The following information defines the minimum memory requirements for connection statistics only:

•Global connection statistics: approximately 64 bytes.

•Protocol-specific statistics: multiply the number of configured protocols by 56 to determine the minimum memory requirement.

•Policy-target-protocol statistics: multiply the number of configured protocols and the number of targets for which the firewall policies are configured by 48 to determine the minimum memory requirement.

The following information defines the minimum memory requirements for URL filtering statistics only:

•Global URL filtering statistics: approximately 96 bytes.

•URL filtering server-specific statistics: multiply the number of configured URL filtering servers by 40 to determine the minimum memory requirement.

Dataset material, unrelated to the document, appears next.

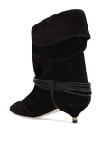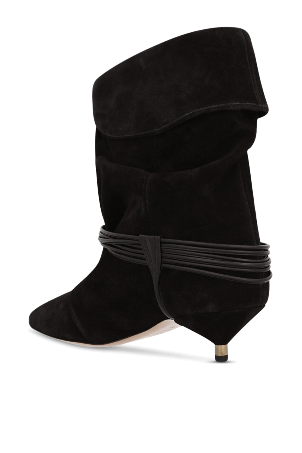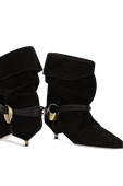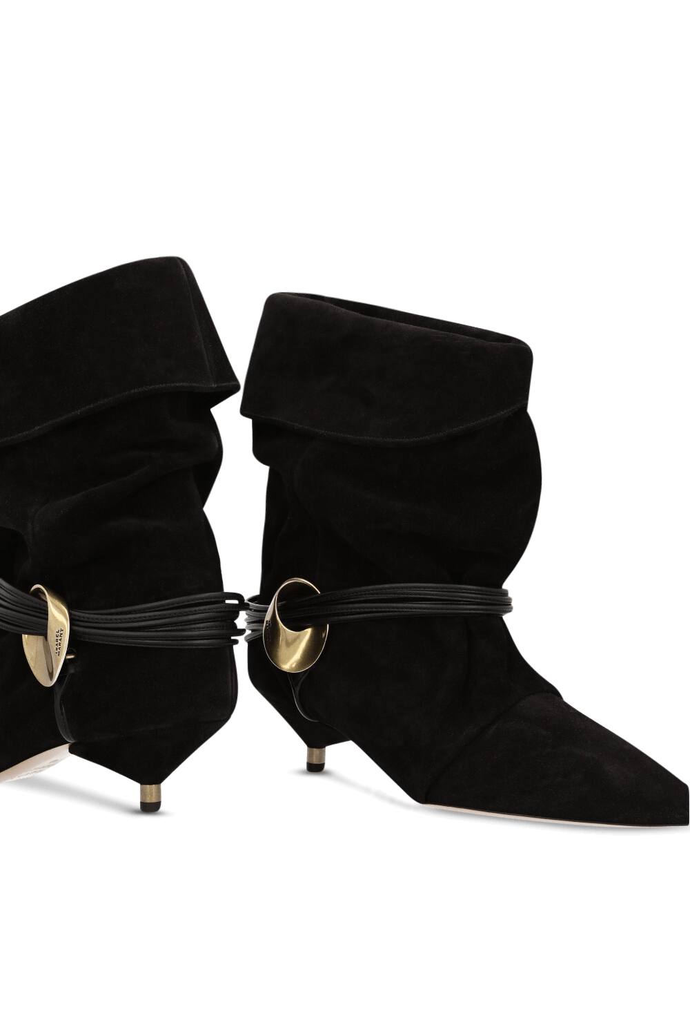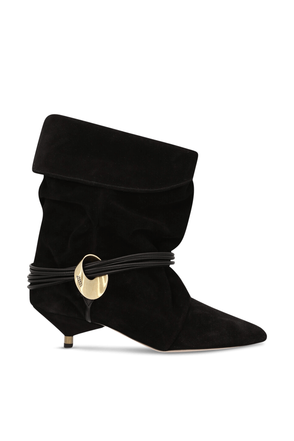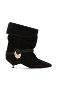 מגפוני Edrika מבית Isabel Marant, עשויים זמש בצבע שחור ובעיצוב שרוכים המתחברים לאלמנט זהוב, עם עקב חתולי.

Information About Cisco IOS Firewall MIB

To use Cisco IOS Firewall MIBs to monitor firewall performance, you should understand the following concepts:

•Connection Statistics

•URL Filtering Statistics

Connection Statistics

Connection statistics are a record of the firewall traffic streams that have attempted to flow through the firewall system. Connection statistics can be displayed on a global basis (that is, an aggregate of all connection statistics for the entire router), protocol-specific basis, or a firewall-policy-specific basis. The Firewall can allow, drop, or deny the connection based on firewall policies and firewall resources.

Table 1 lists all supported connection statistics—global, protocol-specific¹ , or firewall-policy-specific² —that are available via SNMP.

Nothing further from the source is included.